The Use of Microfluidics and Dielectrophoresis for Separation, Concentration, and Identification of Bacteria
Monday, August 7
1:00 PM • ENGR 406
Doctoral Candidate Dissertation Defense
Department of Biological Engineering
Advisor - Elizabeth Vargis, 435-797-0618
Traditional bacterial analyses take one to two days under favorable conditions where the bulk of the time is spent waiting for bacteria to divide and grow till visual colonies can be observed for identification. In the case of bacteria with slow doubling times, this process can take weeks. This delay in analysis is unacceptable especially in the case of life threatening diseases or emergencies. It is clear that in order to decrease the analysis of the bacteria, the culturing and growth step must be circumvented. The goal of this research is to design, build, and test a device that could decrease the analysis time of bacteria using label-free methods of dielectrophoresis and Raman spectroscopy.

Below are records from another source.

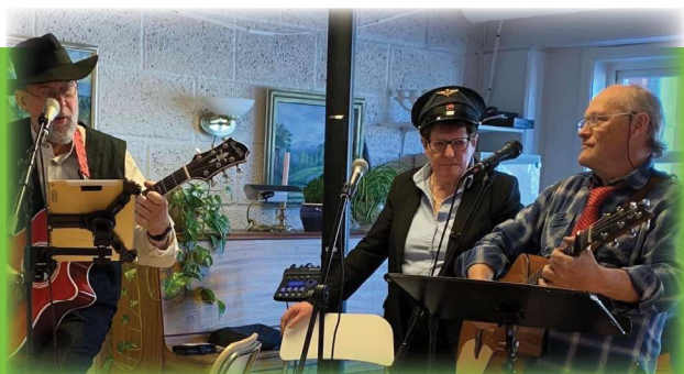
Underholdning på Cafèv Bergo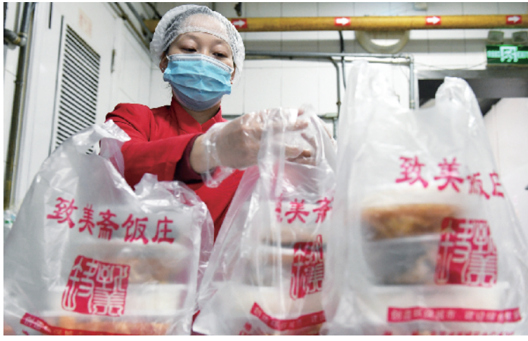
老字号致美斋饭庄提倡食客打包回家品美食,打造新年就餐新方式。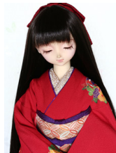
裾引き振袖手鞠と蝶々SD・ 13SD・DD共通サイズ k-0252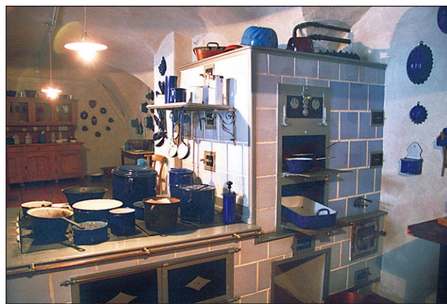
Kuhinja v gradu Herberstein, ki je od Gradca oddaljen okrog 60 km, v kateri prevladuje posodje v modrem, modra barva naj bi odganjala mrčes.

je vse pogrel plemiški sprejem v dvorani z družinskimi portreti in kaminom, ki so ga posebej za to priložnost tudi zakurili, postregli pa s plemiškim čajem. Udeležence ekskurzije je na poti v celoti zalagal bife bus, ki so ga pomagali zapolniti tudi tisti, ki so ostali doma zaradi takšnih ali drugačnih razlogov. Posebej pa so teknile dobrote Gostinstva Perutnine Ptuj. Grad Herberstein na avstrijskem Koroškem diha kot življenjski prostor v primerjavi s ptujskim gradom, kjer gre za muzejsko postavitev. Primerjava pokaže, da se ptujski grad ponša s kvalitetnimi muzejskimi predmeti in zanimivimi zbirkami, prav tako z nadvse kvalitetno vodniško službo, manjkajo pa mu drobni predmeti in ženski portreti, prav tako tudi hortikulturno urejene in doživljajske površine, ki pomagajo zadržati goste v gradu in njegovi okolici za dlje časa, za štiri in več ur, ko obiskovalec postane že lačen in žejen, zato je v kompleksu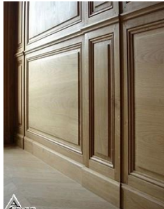
دیوار کوب چوبی S29

Testing for device design was performed with clinical samples in mind, which consist of bacteria grown in a variety of environmental conditions (available food sources, growth stage, temperature, etc.) and accompanied by sample debris. Raman spectra of bacteria grown in varying media and metabolic stages were collected and analyzed. Results indicate that growth phase and media have in impact on Raman spectra and is distinguishable by linear discriminant analysis (LDA). Despite these spectral differences, it was found that LDA classification of closely related bacteria remains fairly high regardless of growth phase. As such, the use of Raman spectroscopy as a means of identification played an important factor in device design. Sample debris was also considered in device design and accommodated for by dielectrophoresis. Devices were built with the goal to isolate bacteria from a mixed sample and simultaneously acquire Raman spectra for identification.

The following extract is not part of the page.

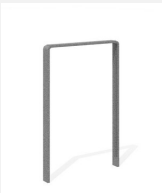
DI.107.15 Fahrradbügel Quo 55.1

In this dissertation, a device was designed, built, and tested that incorporates dielectrophoresis for particle isolation and Raman spectroscopy for identification. Trapping and identification of polystyrene microspheres was used to demonstrate proof of concept and COMSOL simulations was used to determine theoretical feasibility for trapping bacteria in the same device. Results indicate a clear potential for the cDEP-Raman device to isolate and identify bacteria from sample debris, and thereby decrease the analysis time of bacteria.